▸ **Exercise prompt**: Copy out exactly the lines spanning the line with "Bijeenkomst initiatief realisatie" to the line with "בית הכנסת החסידי בקובנה כיום מבחוץ", inclusive, from the data underneath, with no pictures.

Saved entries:
--

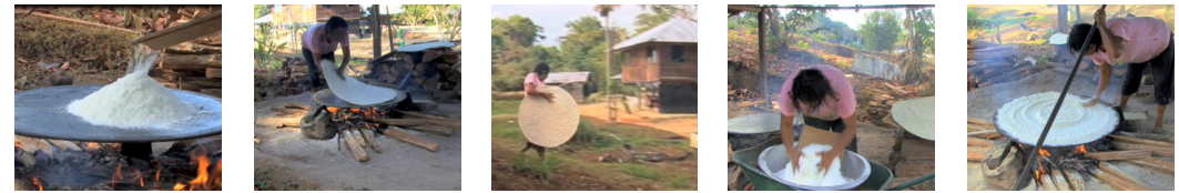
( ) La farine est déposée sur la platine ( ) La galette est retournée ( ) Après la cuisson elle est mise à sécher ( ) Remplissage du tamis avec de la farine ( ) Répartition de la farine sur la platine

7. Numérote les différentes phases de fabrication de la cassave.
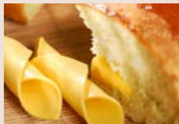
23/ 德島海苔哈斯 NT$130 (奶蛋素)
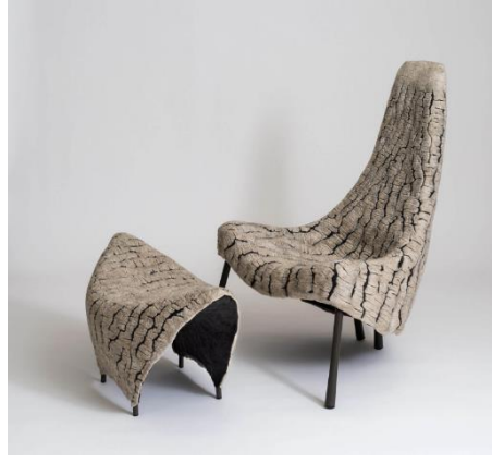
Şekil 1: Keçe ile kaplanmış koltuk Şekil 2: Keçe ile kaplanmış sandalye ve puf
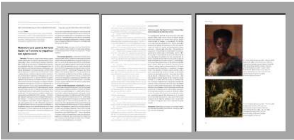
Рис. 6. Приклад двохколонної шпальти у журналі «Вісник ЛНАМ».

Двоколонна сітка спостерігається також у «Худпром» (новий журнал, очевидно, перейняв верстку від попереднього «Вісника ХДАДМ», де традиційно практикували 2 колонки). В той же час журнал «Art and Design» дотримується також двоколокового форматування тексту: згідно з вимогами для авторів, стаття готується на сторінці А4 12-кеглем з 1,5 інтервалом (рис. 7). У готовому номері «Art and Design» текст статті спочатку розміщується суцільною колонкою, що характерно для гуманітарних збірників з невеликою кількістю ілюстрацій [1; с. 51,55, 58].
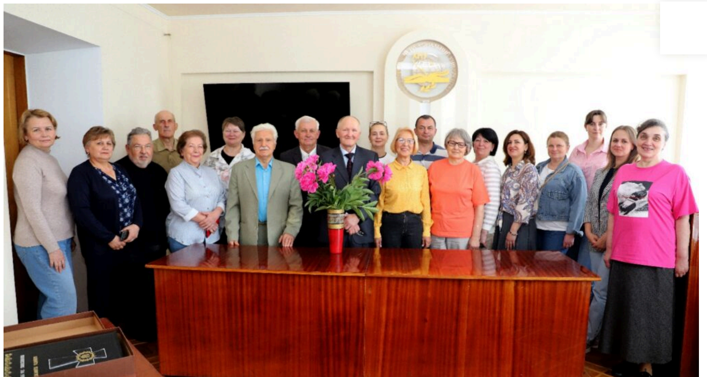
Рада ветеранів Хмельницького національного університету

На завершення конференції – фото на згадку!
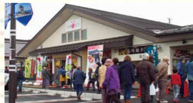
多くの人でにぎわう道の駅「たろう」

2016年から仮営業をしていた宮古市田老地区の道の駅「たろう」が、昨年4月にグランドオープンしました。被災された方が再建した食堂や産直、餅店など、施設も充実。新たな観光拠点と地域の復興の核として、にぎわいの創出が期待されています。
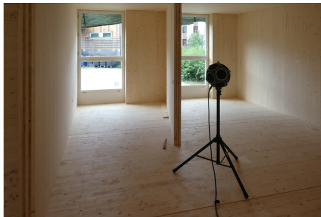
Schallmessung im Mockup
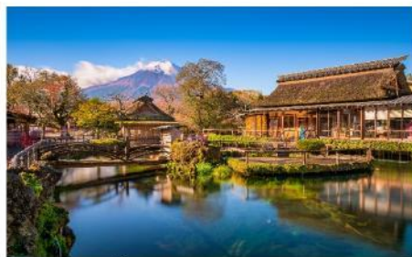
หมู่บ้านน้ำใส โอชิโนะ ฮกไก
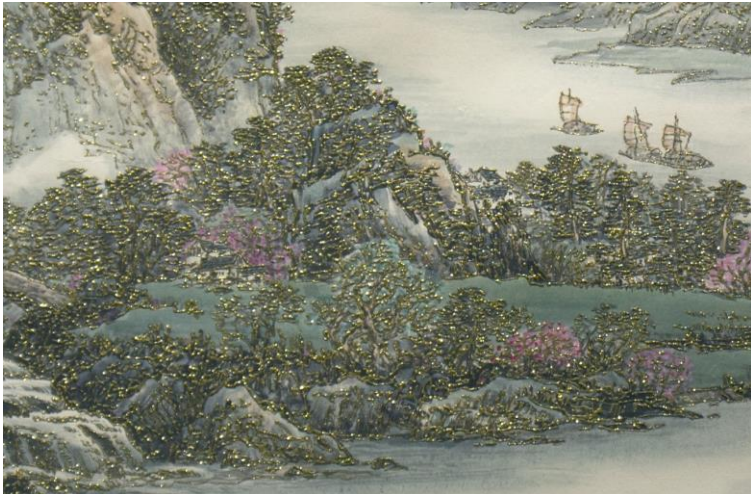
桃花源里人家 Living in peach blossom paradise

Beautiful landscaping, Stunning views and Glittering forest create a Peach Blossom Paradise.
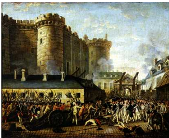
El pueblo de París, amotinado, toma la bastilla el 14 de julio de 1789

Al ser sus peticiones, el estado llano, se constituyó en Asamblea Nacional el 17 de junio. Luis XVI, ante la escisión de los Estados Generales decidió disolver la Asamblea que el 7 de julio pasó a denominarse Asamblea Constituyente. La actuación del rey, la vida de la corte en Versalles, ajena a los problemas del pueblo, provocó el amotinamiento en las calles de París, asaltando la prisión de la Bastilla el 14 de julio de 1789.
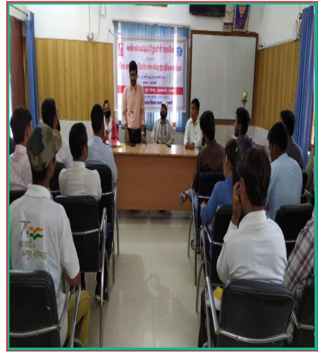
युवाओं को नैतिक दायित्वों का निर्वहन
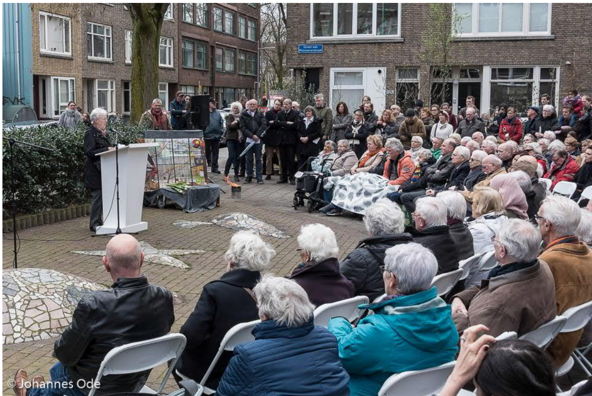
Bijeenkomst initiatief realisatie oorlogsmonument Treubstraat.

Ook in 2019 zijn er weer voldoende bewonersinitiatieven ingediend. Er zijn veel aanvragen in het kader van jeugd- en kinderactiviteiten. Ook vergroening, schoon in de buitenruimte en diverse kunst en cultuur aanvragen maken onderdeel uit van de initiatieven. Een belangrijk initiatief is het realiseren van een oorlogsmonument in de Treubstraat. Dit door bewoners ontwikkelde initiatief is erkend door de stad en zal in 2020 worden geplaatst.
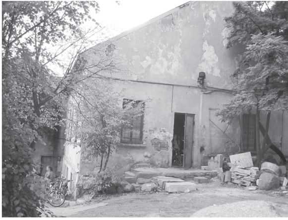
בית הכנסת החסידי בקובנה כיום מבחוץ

--

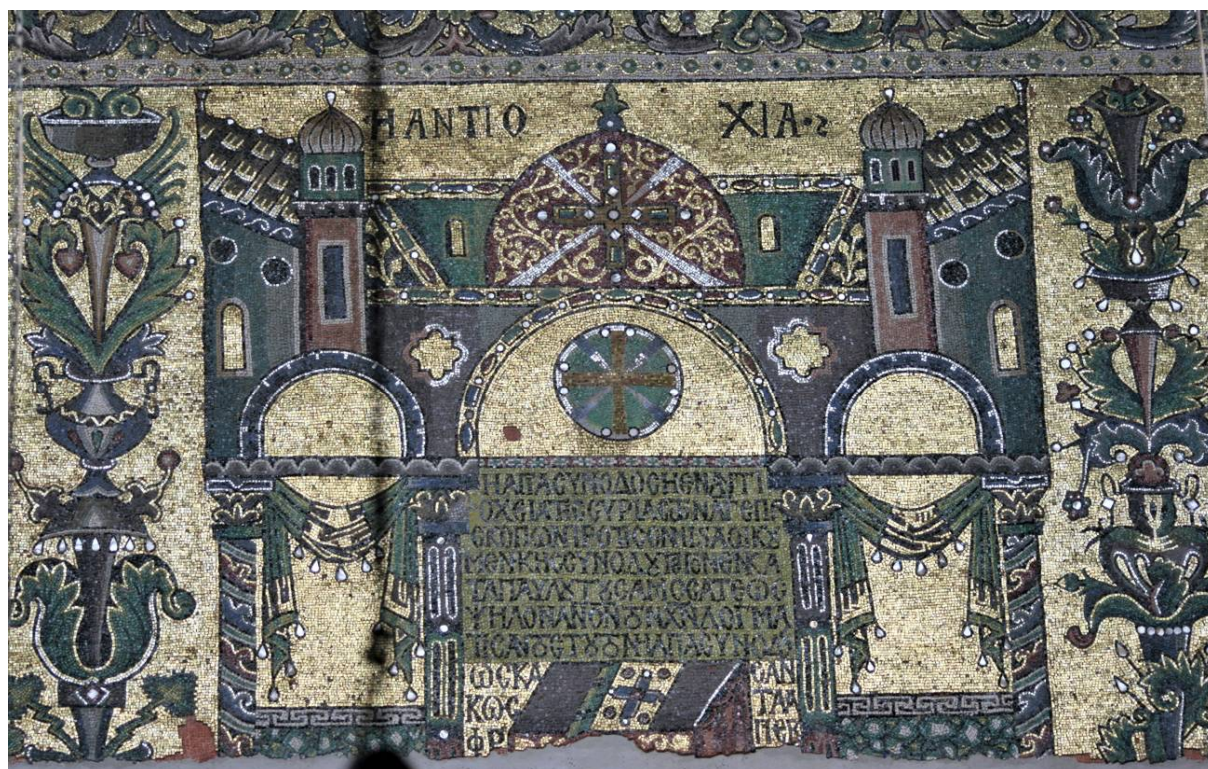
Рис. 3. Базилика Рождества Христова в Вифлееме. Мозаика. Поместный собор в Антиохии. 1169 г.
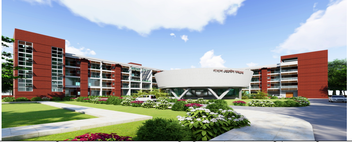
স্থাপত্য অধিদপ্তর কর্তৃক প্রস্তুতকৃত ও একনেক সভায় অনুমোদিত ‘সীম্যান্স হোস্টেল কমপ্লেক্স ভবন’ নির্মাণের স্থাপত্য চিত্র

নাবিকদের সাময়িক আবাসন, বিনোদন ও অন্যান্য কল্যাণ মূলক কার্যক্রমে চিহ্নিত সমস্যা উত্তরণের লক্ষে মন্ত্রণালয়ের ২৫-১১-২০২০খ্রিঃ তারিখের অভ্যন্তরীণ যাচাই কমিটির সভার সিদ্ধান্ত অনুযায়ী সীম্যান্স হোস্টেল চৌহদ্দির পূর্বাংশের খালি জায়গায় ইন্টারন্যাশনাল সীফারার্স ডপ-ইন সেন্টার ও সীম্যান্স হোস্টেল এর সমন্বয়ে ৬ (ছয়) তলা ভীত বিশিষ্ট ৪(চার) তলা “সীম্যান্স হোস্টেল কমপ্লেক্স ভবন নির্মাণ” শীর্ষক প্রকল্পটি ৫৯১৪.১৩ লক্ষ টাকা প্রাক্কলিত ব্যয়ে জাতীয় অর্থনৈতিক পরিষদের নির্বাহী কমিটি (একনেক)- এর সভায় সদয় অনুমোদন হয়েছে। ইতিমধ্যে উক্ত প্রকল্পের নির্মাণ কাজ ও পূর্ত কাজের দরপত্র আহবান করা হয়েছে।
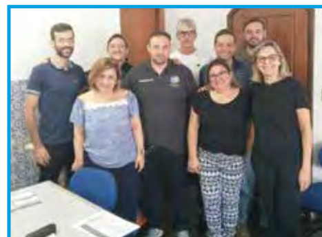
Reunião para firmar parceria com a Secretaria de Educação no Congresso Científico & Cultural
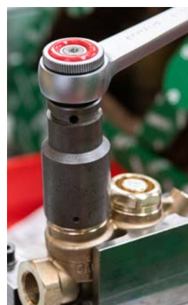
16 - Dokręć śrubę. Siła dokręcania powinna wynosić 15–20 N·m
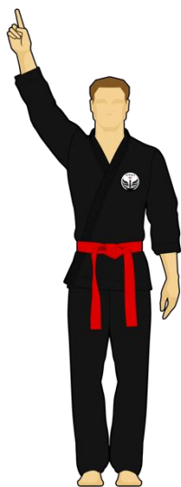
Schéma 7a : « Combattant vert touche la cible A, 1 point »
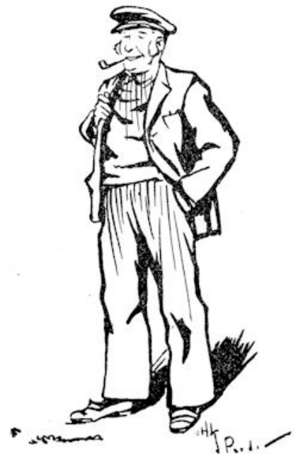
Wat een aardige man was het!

--

▸ **Solution to the problem**:
Bijeenkomst initiatief realisatie oorlogsmonument Treubstraat.

Ook in 2019 zijn er weer voldoende bewonersinitiatieven ingediend. Er zijn veel aanvragen in het kader van jeugd- en kinderactiviteiten. Ook vergroening, schoon in de buitenruimte en diverse kunst en cultuur aanvragen maken onderdeel uit van de initiatieven. Een belangrijk initiatief is het realiseren van een oorlogsmonument in de Treubstraat. Dit door bewoners ontwikkelde initiatief is erkend door de stad en zal in 2020 worden geplaatst.
בית הכנסת החסידי בקובנה כיום מבחוץ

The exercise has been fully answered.